We start by importing some libraries.

In [3]:
from bokeh.plotting import figure, show

In [4]:
from bokeh.io import output_notebook
output_notebook()

In [36]:
import requests
from pyjstat import pyjstat
from collections import OrderedDict
import json
import pandas as pd
from bokeh.models import ColumnDataSource, HoverTool

## Population vs inequality

### Get the data

Statistics Norway has a nice REST-API, which we are going to use. The API uses POST requests, so we specify the URL and the (somewhat complex) JSON-query. The JSON query is basically just a filter statement, plus the specification that we want json-stat formatted response.

In [6]:
GINI_URL = 'http://data.ssb.no/api/v0/no/table/09114'

In [7]:
GINI_PAYLOAD = {
  "query": [
    {
      "code": "Region",
      "selection": {
        "filter": "all",
        "values": [
          "*"
        ]
      }
    },
    {
      "code": "ContentsCode",
      "selection": {
        "filter": "item",
        "values": [
          "Ginikoeffisient"
        ]
      }
    },
    {
      "code": "Tid",
      "selection": {
        "filter": "top",
        "values": [
            1
        ]
      }
    }
  ],
  "response": {
    "format": "json-stat"
  }
}


Send request

In [8]:
ginidata = requests.post(GINI_URL, json=GINI_PAYLOAD)

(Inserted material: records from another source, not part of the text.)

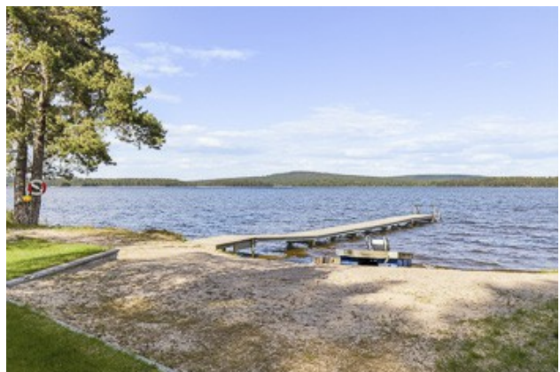
Strand am Vikensee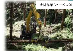
造材作業(ハーベスタ)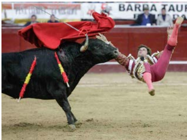
Los toros dividen a los colombianos en arte y tradición cultural para unos, violencia y crueldad para otros.

La lidia de toros nació en España en el siglo XII y se practica también en Portugal, Francia, México, Colombia, Perú, Venezuela, Ecuador y Costa Rica, y es igualmente un espectáculo de exhibición en China, Filipinas y Estados Unidos.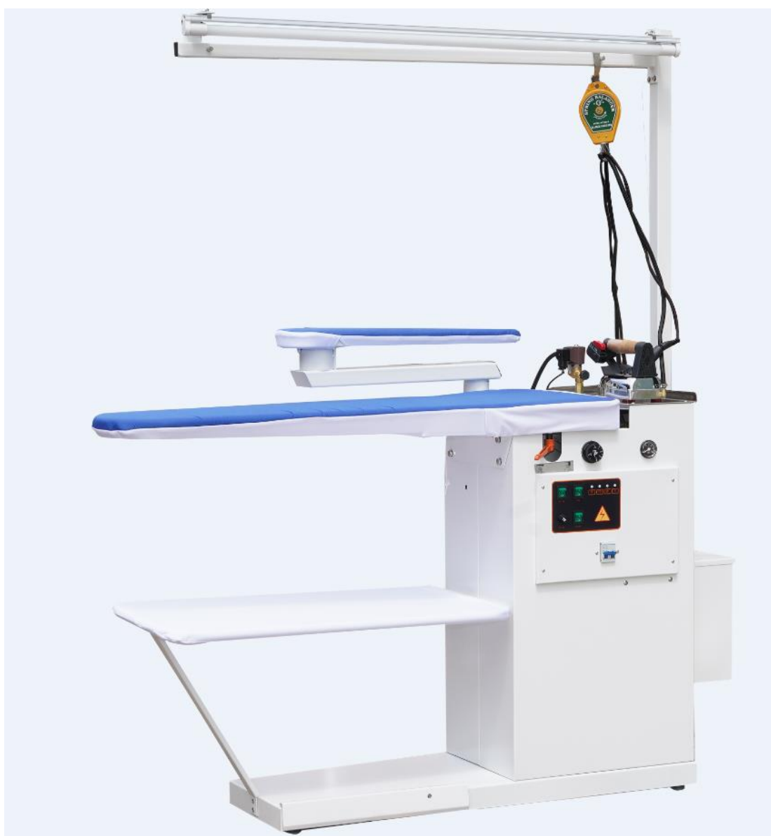
Figura 1 NS-TDZG-Q III mesa de passar roupa tipo bico de pato com caldeira (frente)

Convert json-stat to pandas data frame.

In [9]:
ginidf = pyjstat.from_json_stat(ginidata.json(object_pairs_hook=OrderedDict), naming='id')[0]

In [10]:
POP_URL = 'http://data.ssb.no/api/v0/no/table/01222'
POP_PAYLOAD = {
  "query": [
    {
      "code": "Region",
      "selection": {
        "filter": "all",
        "values": [
          "*"
        ]
      }
    },
    {
      "code": "ContentsCode",
      "selection": {
        "filter": "item",
        "values": [
          "Folketallet1"
        ]
      }
    },
    {
      "code": "Tid",
      "selection": {
        "filter": "top",
        "values": [
            1
        ]
      }
    }
  ],
  "response": {
    "format": "json-stat"
  }
}


In [11]:
popdata = requests.post(POP_URL, json=POP_PAYLOAD)

In [12]:
popdf = pyjstat.from_json_stat(popdata.json(object_pairs_hook=OrderedDict), naming='id')[0]

In [13]:
popdf.drop(["ContentsCode", 'Tid'], axis=1, inplace=True)
ginidf.drop(["ContentsCode", "Tid"], axis=1, inplace=True)

In [14]:
popdf.rename(columns={'value': 'folketall'}, inplace=True)
ginidf.rename(columns={'value':'gini'}, inplace=True)

In [17]:
ginidf = ginidf[ginidf['Region'].str.len()==4]
popdf = popdf[popdf['Region'].str.len()==4]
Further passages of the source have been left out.